Cracker Barrel hires MS&L at a 'turning point' in company history

ATLANTA: Just a month after it settled race-bias lawsuits and after a three-month search process that considered more than 20 agencies, Cracker Barrel Old Country Store has selected MS&L as its first AOR in the company's 35-year history.

ATLANTA: Just a month after it settled race-bias lawsuits and after a three-month search process that considered more than 20 agencies, Cracker Barrel Old Country Store has selected MS&L as its first AOR in the company's 35-year history.

MS&L's Atlanta office will lead national PR for the Tennessee-based restaurant chain.

Chris Tomasso, Cracker Barrel's VP of marketing, said MS&L fit well with the company's overall marketing strategy. "We were at a turning point in the history of the organization," he said, citing the chain's 500th restaurant opening and 35th anniversary. "[MS&L] had an obvious passion for the business itself."

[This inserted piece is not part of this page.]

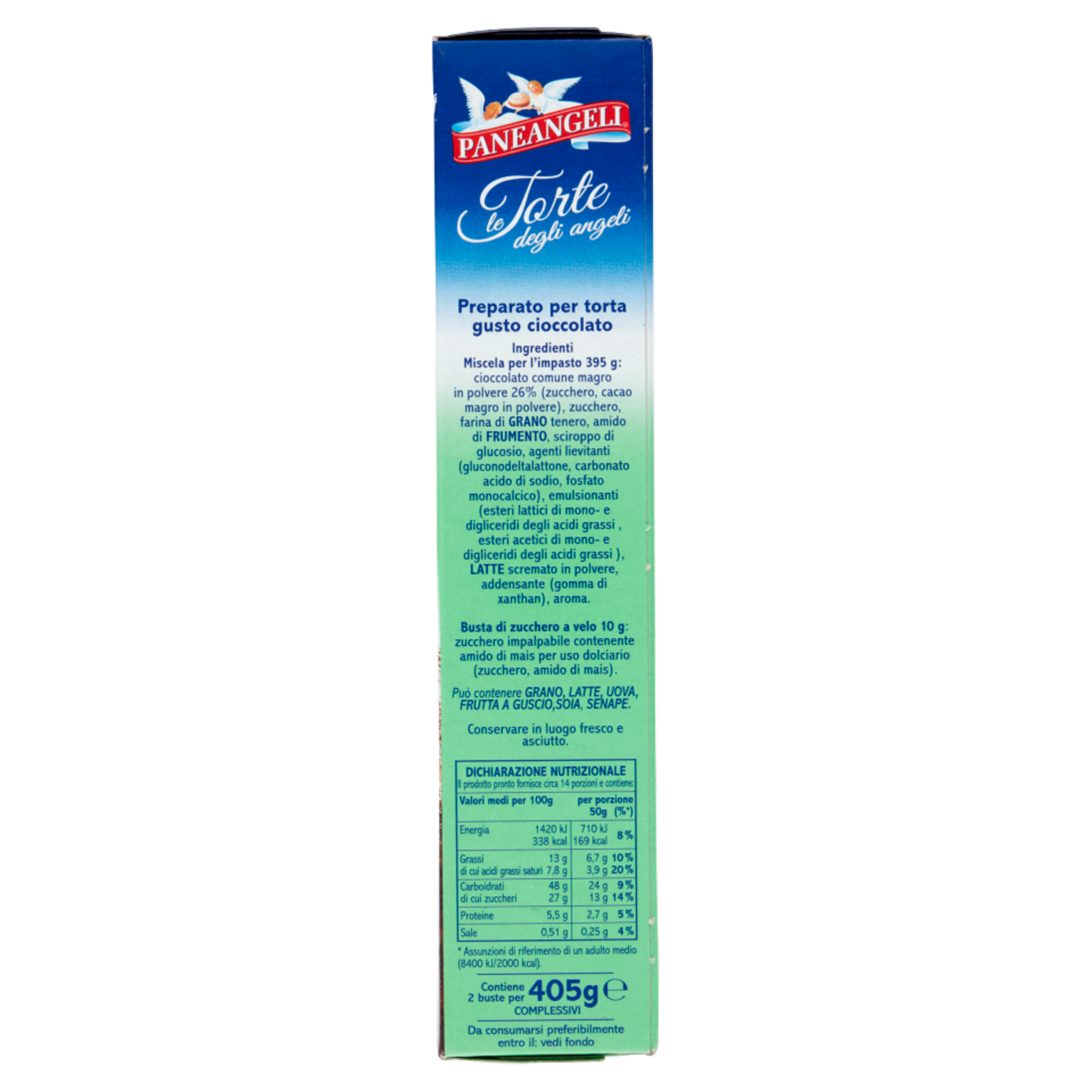 Miscela per l'impasto 395 g: cioccolato comune magro in polvere 26% (zucchero, cacao magro in polvere), zucchero, farina di grano tenero, amido di frumento, sciroppo di glucosio, agenti lievitanti (gluconodeltalattone, carbonato acido di sodio, fosfato monocalcico), emulsionanti (esteri lattici di mono- e digliceridi degli acidi grassi, esteri acetici di mono- e digliceridi degli acidi grassi), latte scremato in polvere, addensante (gomma di xanthan), aroma

Jim Tsokanos, MD of MS&L Atlanta, said the agency won the business because "we really understood the brand better than anybody else." He cited brand building, reputation management, and corporate communications as some of the agency's responsibilities.

Tsokanos said MS&L took the initiative to bring in Precise Communications - a minority-owned boutique agency in Atlanta - to handle Cracker Barrel's multicultural communications.

Last month, the company agreed to pay $8.7 million to settle discrimination lawsuits filed by black customers and employees. Alexis Davis Smith, president and director of Precise, said her firm will provide "strategic counsel and support to reach out to African-American and Hispanic audiences."

Cracker Barrel also faces a PR challenge in Texas, where it and eight other companies were recently indicted and charged with making illegal corporate contributions to TRM-PAC, a political action committee connected to House majority leader Tom DeLay (R-TX).

The company has given hundreds of thousands of dollars to GOP candidates and causes over the last decade, according to The Tennessean.

Tomasso said Cracker Barrel's contributions were legal and that it regularly makes "issue-related" contributions targeting business concerns such as outdoor-advertising rights.

The decision to hire an AOR was not based on the indictments or the lawsuits, but was "a coincidence of timing," he added.